Georgian monastics driven out of Abkhazia
By Temuri Kiguradze
Monday, April 6
Seven Georgian monastics were forced to leave the territory of Abkhazia by separatist forces on April 2-3. Representatives of the breakaway region had accused them of “politicking.”
The three monks and four nuns were from the Saint Giorgi Monastery in the village of Azhara, located in the Kodori Gorge, the only part of Abkhazia that was controlled by the central Georgian Government before the August Russian-Georgian conflict. When Georgian troops were driven out of the area the monastery and its residents stayed. “[After the August conflict] we proposed to the Georgian ‘priests’ that they accept the regulations of the Abkhazian Orthodox Church and continue to serve in Azhara, however they refused,” stated the head of the so-called Abkhazian Eparchy Vissarion Aplua, as quoted by the Apsnypress news agency on April 3. “Instead of undertaking spiritual activities they were convincing residents of the [Kodori] Gorge that Abkhazia is Georgia. To prevent any kind of provocation we have decided to send them to Georgia so they can continue their service to the Georgian Church,” said Aplua, adding that the monastics were occupied in “politicking not spiritual service.”
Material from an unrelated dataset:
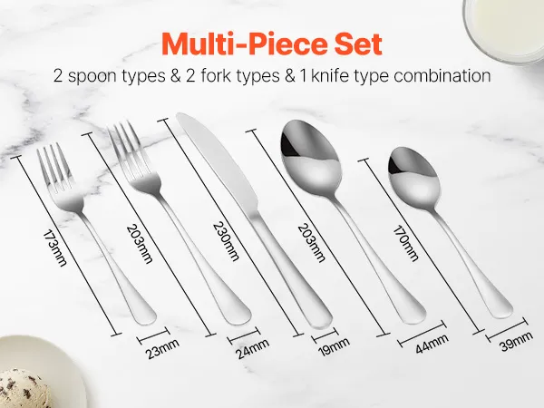 Questo set offre una combinazione di 2 tipi di cucchiai, 2 tipi di forchette e 1 tipo di coltello, inclusi cucchiai da dessert, cucchiai da tavola, coltelli da tavola, forchette da dessert e forchette da tavola per soddisfare le tue esigenze culinarie quotidiane.

The Abkhazian side denies that the monastics were subjected to any kind of physical abuse. “The priests stated that they don’t recognize the Government of Abkhazia and the Abkhazian Church and that they obey only the Georgian Orthodox Church, so we have proposed to them that they return to its fold,” said Sergey Jonua, the so-called Special Representative of the Abkhazian President in Kodori Gorge.
The Georgian Orthodox Church has confirmed the forced exile of the Georgian monks and nuns. They have already arrived in Tbilisi, where they met Georgian Patriarch Ilia II on April 5. Ilia II blessed them and expressed the hope that they will be able to return to their church soon. The Patriarch also ordained one of the ousted monks, Father Ioane, as an Archbishop. “There are people in Abkhazia today who have forgotten our kindness and my personal kindness and are oppressing Georgians. The monastics have been ousted from Abkhazia and I want to console them and tell them that Abkhazia is an indivisible part of Georgia and will never be separated from Georgia,” Ilia II said in Tbilisi.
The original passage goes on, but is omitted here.